As a $167 billion company, it's no surprise that there's plenty of retail and institutional interest in health-care conglomerate Johnson & Johnson
As it turns out, the view is bullish. Let's have a look at a few of the key sentiment drivers.
1. Analyst opinion
Analysts are lukewarm on Johnson & Johnson. Data from Yahoo! Finance captures their collective feeling:
Analysts are notoriously hesitant to give out sell or strong sell ratings, so it's no surprise that J&J has no detractors. But the sentiment overall is neutral-leaning-bullish: Most analysts (11) are a "hold," with a good mixture of bullishness in the form of 13 buys or strong buys.
2. Insider buying
The insider buy/sell picture is less bullish.
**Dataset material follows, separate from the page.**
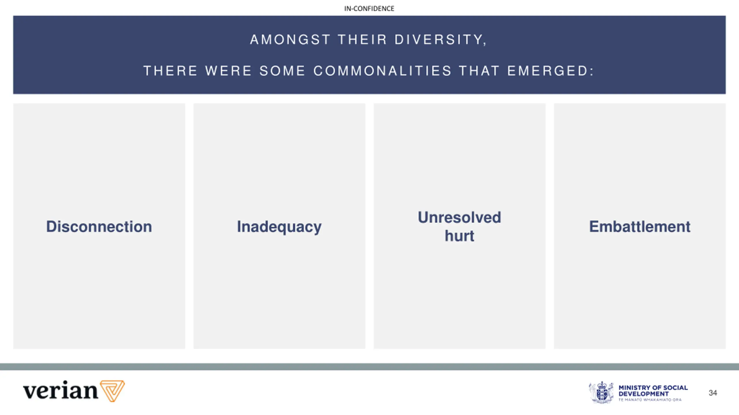 - IN-CONFIDENCE AMONGST THEIR DIVERSITY, THERE WERE SOME COMMONALITIES THAT EMERGED: Unresolved hurt Disconnection Inadequacy Embattlement 34
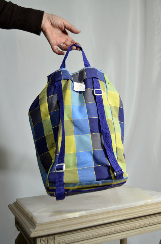 "Mama's & Papas" Purple, Blue & Green Squared Patterned Backpack

Over the past year, J&J insiders have sold $33 million worth of their company stock. During the same time period, insiders bought a total of $248,070 worth of Johnson & Johnson stock, according to Form4Oracle. While these sums aren't large relative to the company's market cap, and while insiders sell stocks for a whole host of reasons, the trend isn't positive: Insider selling far outweighs insider buying.
3. Guru buying
Next, we'll look at "guru" ownership of the stock. According to GuruFocus, gurus lean positive toward Johnson & Johnson. Noted fund manager Don Yacktman owns a large stake, and even added to it in the most recent quarter. In the quarter ended Sept. 30, Yacktman, Warren Buffett, Whitney Tilson, and John Hussman all added to their J&J stake, while only George Soros, Arnold Van Den Berg and Ruane Cunniff decreased their stakes.
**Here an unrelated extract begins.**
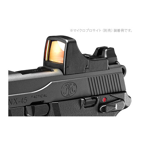 ●別売マイクロプロサイト対応:スライドは、「マイクロプロサイト(別売)」が装着可能な専用設計。スライド後部のカバーを取り外せば、ダイレクトにマイクロプロサイトを取り付けることができます。また、フロント/リアサイトはトールタイプのナイトサイト仕様で、マイクロプロサイト越しにもサイティングが可能です。

I'll classify the overall guru trend as bullish.
4. Retail investor community sentiment
For retail investor community sentiment, I turn to Motley Fool CAPS, our proprietary stock rating system. CAPS generates ratings on a one- to five-star scale, with five stars as the highest ranking, indicating that the Fool community believes in a stock's future. Johnson & Johnson has the second highest rating: four stars.
Next we'll look at whether short-sellers are circling the stock. There are 27.9 million J&J shares sold short, according to Capital IQ. As a percentage of shares outstanding, that's a short interest of 1%. That's not very high -- a struggling operator like Barnes & Noble has a short interest of 13.5% right now -- and so for determining sentiment, we'll take it as a good sign.
6. Does Buffett own it?
This is the "cherry on top" test, and in J&J's case, it's a yes: Berkshire Hathaway does own shares. In fact, Berkshire is the fourth-largest shareholder of J&J.
Adding it up
Johnson & Johnson is generally liked by gurus, Buffett, and the CAPS community, and short-sellers aren't betting against the stock in a significant way. Analysts are bullish-to-neutral on the stock, even though insiders are net sellers. Add it all up and J&J comes out with a "bullish" consensus sentiment.
Of course, you can't base an investment philosophy on who likes the stock you like, and a consensus opinion can sometimes be a scary thing. Quoting Buffett: "A simple rule dictates my buying: Be fearful when others are greedy, and be greedy when others are fearful." There's hardly a "greedy" sense surrounding J&J right now, though.
The purpose of this series of articles isn't to make a definitive buy-or-sell call on Johnson & Johnson. Rather, by looking at a stock's sentiment, the goal is to help you place your own opinion of it in a broader context.